Globally, businesses had a significantly more positive outlook on the future (looking six months ahead) than in the reporting period (February-July 2016). They had a more positive perceived outlook (current and future) of their own business, in comparison to their industry colleagues and the economy as a whole. And there was a direct correlation to a business outlook on its use of online tools.

For India, it seems the concept of "acchhe din" has percolated to online SMEs. Small businesses had a significantly more positive outlook on the future (looking six months ahead) than in the reporting period (February-July 2016) in terms of business confidence and employment growth. Fifty-five percent of businesses had a positive current outlook, 73% had a positive future outlook. The business confidence levels correlate with three existing metrics from the OECD: the CLI, Unemployment Rates, and Business Tendency.

The most common uses of online tools for the SMEs that were surveyed were showing products or services (84%), communicating information such as opening hours, contact info etc (83%), and advertising to potential customers (81%).

What was quite heartening to see—for our economy—is that a significant number (16%) of small businesses in India are engaged in international trade. And remember, these aren't huge firms; 78% of SMEs surveyed had fewer than 10 employees. We expect to see this number rise as platforms make more tools available for businesses to engage in cross-border trade.

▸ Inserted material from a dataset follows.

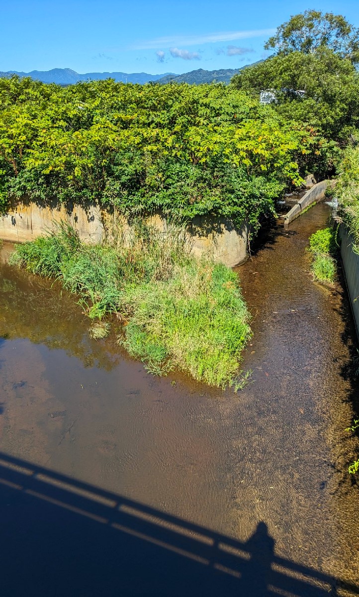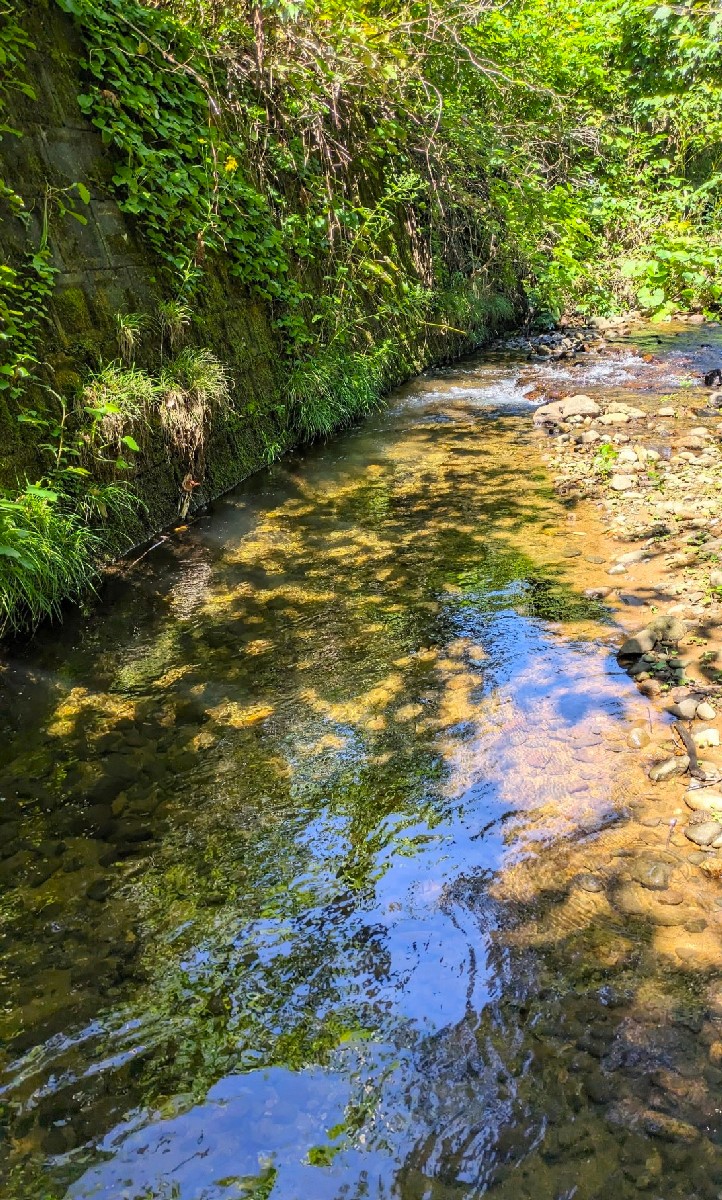 上流域でも川底は若干茶色いものの、コンクリート固めの下流域からは想像できない清流です。釣り上がると幸先良く

Across India, more than 155 million people are on Facebook, and 59% of them are connected to at least one business in a foreign country.

Of the most common business challenges, attracting customers (61%) was number one for the Indian market, followed by maintaining profitability (48%) and increasing revenue (43%).

Empowering people to branch out, harness their creativity, become self-sufficient and bite the entrepreneurship bullet are key to India's economy. This is the true Make In India.

The aim of this survey with OECD and World Bank is not only to keep providing monthly findings and learnings into SMEs across the world, but also provide insights on how India can make the most of this five-year-old spurt in entrepreneurs. And we plan on conducting this survey for many years to come and keeping the results online for anyone to access.

The survey reiterates what we have long known: empowering and inspiring women in India is critical to the future of the country's economy, and we have a long road ahead to change. Only 11% of the businesses surveyed in India are either owned by women or have women in top management positions, one of the lowest globally. This correlates with India's Sixth Economic Census National Sample Survey Organisation (NSSO), which states 14% of business establishments in India are being run by women entrepreneurs.

If India can increase participation of women by just 10% (68 million) by 2025, we could increase our GDP by double digit percentage points. Now that's a task we should set for ourselves. Empowering people to branch out, harness their creativity, become self-sufficient and bite the entrepreneurship bullet are key to India's economy. This is the true Make In India.